◆ WORK REQUIRED
Exactly the lines from the beginning of the records below through the line with "(desk + chair)" must be given again, without pictures.
======== RECORDS FOR THIS TASK
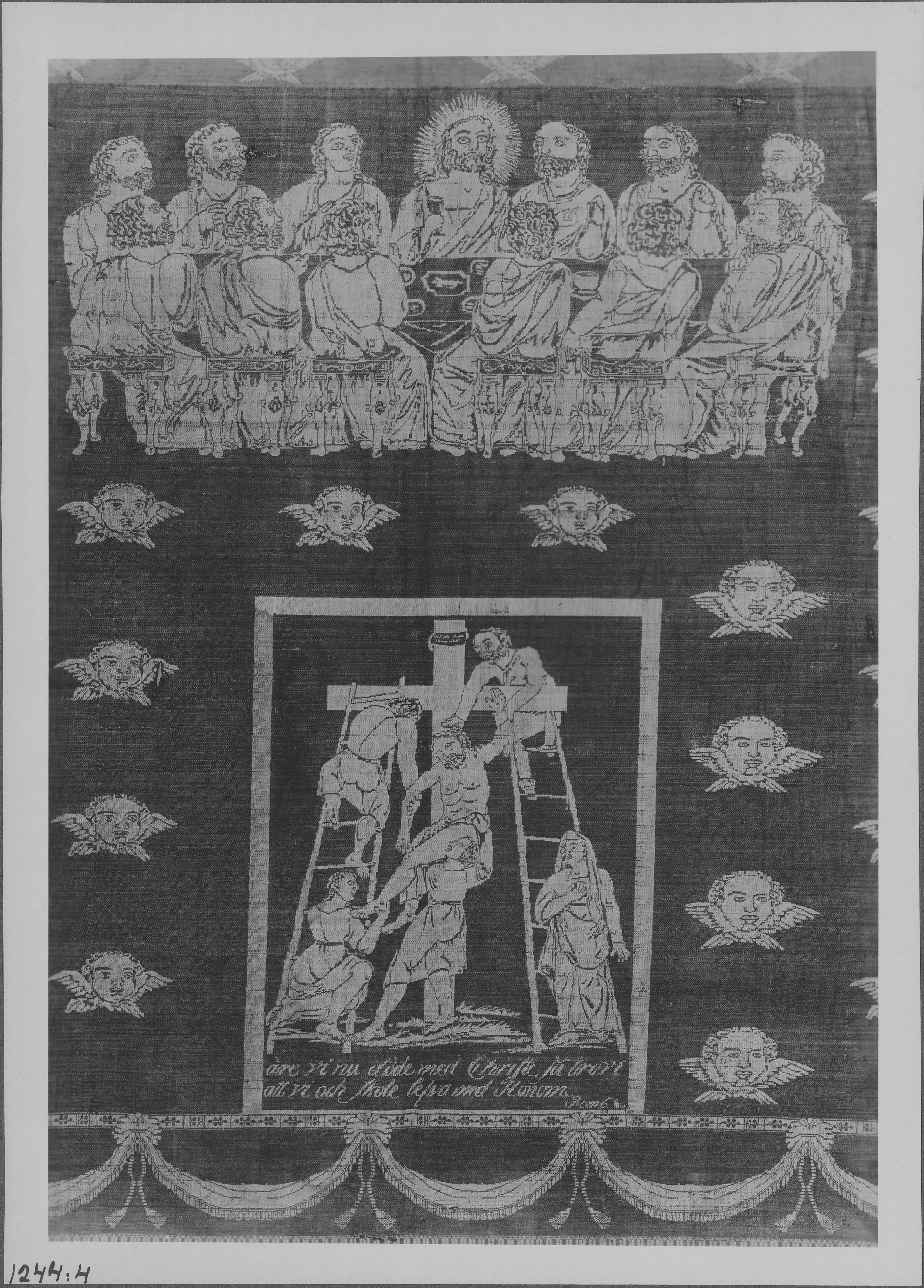 Beskrivning: Duk? Gråbrun och grå linnedamast med figurscener. I mitten nattvarden, härunder korsnedtagningen. Textilutställningen i Stockholm 1929.
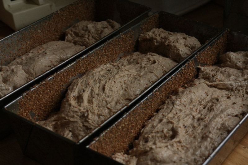 Czekać do wyrośnięcia. Po wyrośnięciu zbijam i tak 3 razy. Keksówki smaruję tłuszczem i wysypuję otrębami. Wkładam ciasto, smaruję z wierzchu rozbełtanym białkiem i posypuję słonecznikiem i prażonym siemieniem lnianym. Jeszcze pozwalam trochę podrosnąć w foremkach i do pieca.
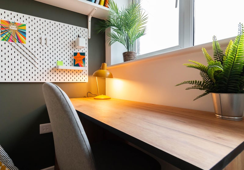 • Dedicated workspace (desk + chair)
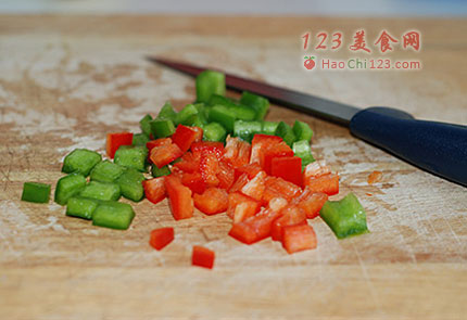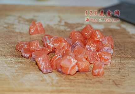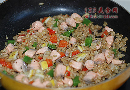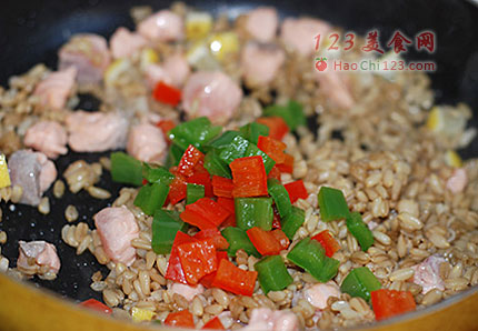 7、中火先下三文鱼丁煸炒;再加入熟燕麦、青红辣椒丁、柠檬丁一起煸炒。
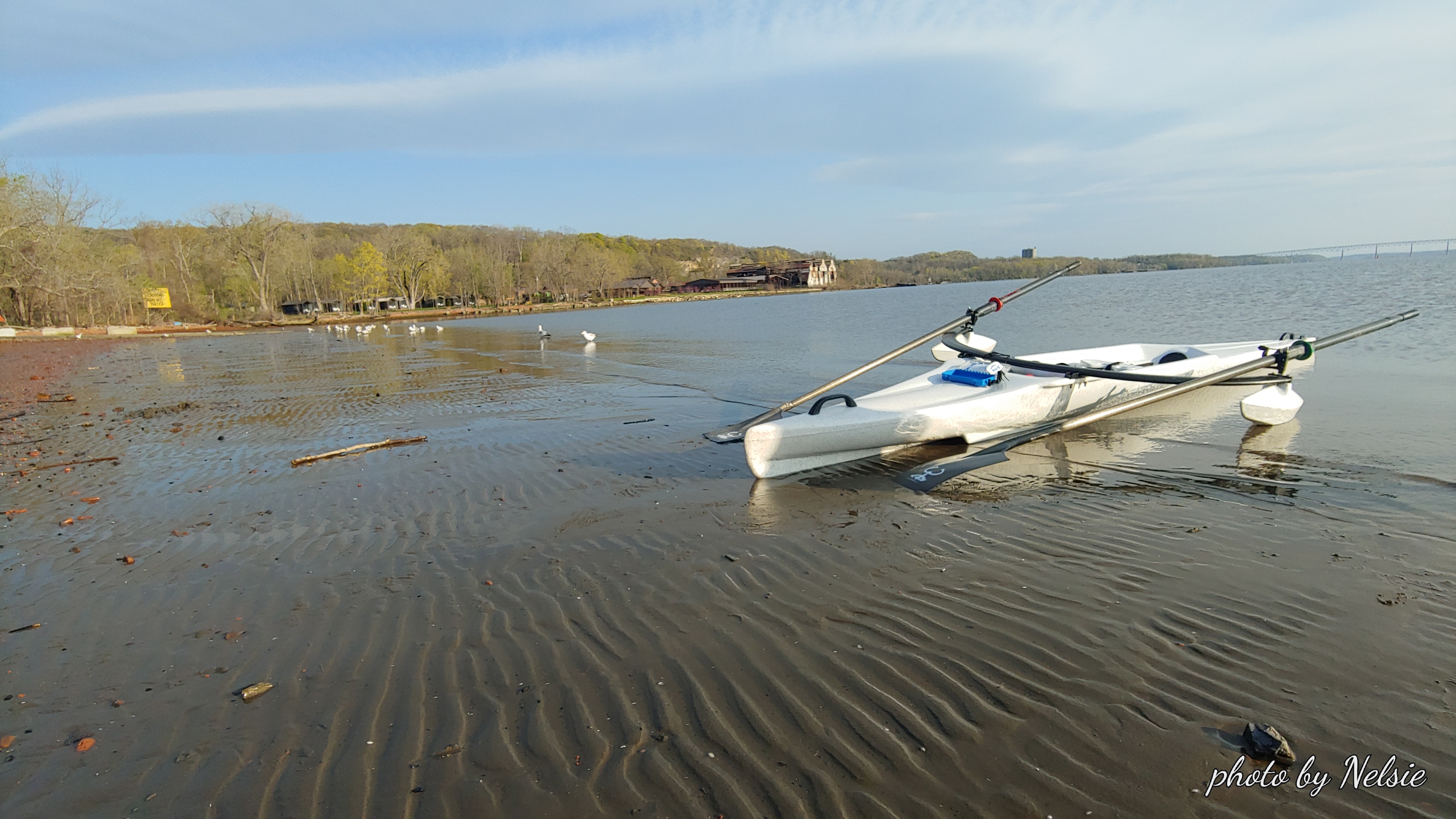 Although it looked beautiful it was quite cold. Water plus air temp was not 100 degrees but this area is very safe and shallow. The ripples in the sand in the foreground should have told me something. After we rowed a mile out the wind began to pick up. We did see an eagle on the tall trees to the left and that was a treat. A nice but short workout!
================
◆ SOLUTION FOR THIS EXERCISE
 Beskrivning: Duk? Gråbrun och grå linnedamast med figurscener. I mitten nattvarden, härunder korsnedtagningen. Textilutställningen i Stockholm 1929.
 Czekać do wyrośnięcia. Po wyrośnięciu zbijam i tak 3 razy. Keksówki smaruję tłuszczem i wysypuję otrębami. Wkładam ciasto, smaruję z wierzchu rozbełtanym białkiem i posypuję słonecznikiem i prażonym siemieniem lnianym. Jeszcze pozwalam trochę podrosnąć w foremkach i do pieca.
 • Dedicated workspace (desk + chair)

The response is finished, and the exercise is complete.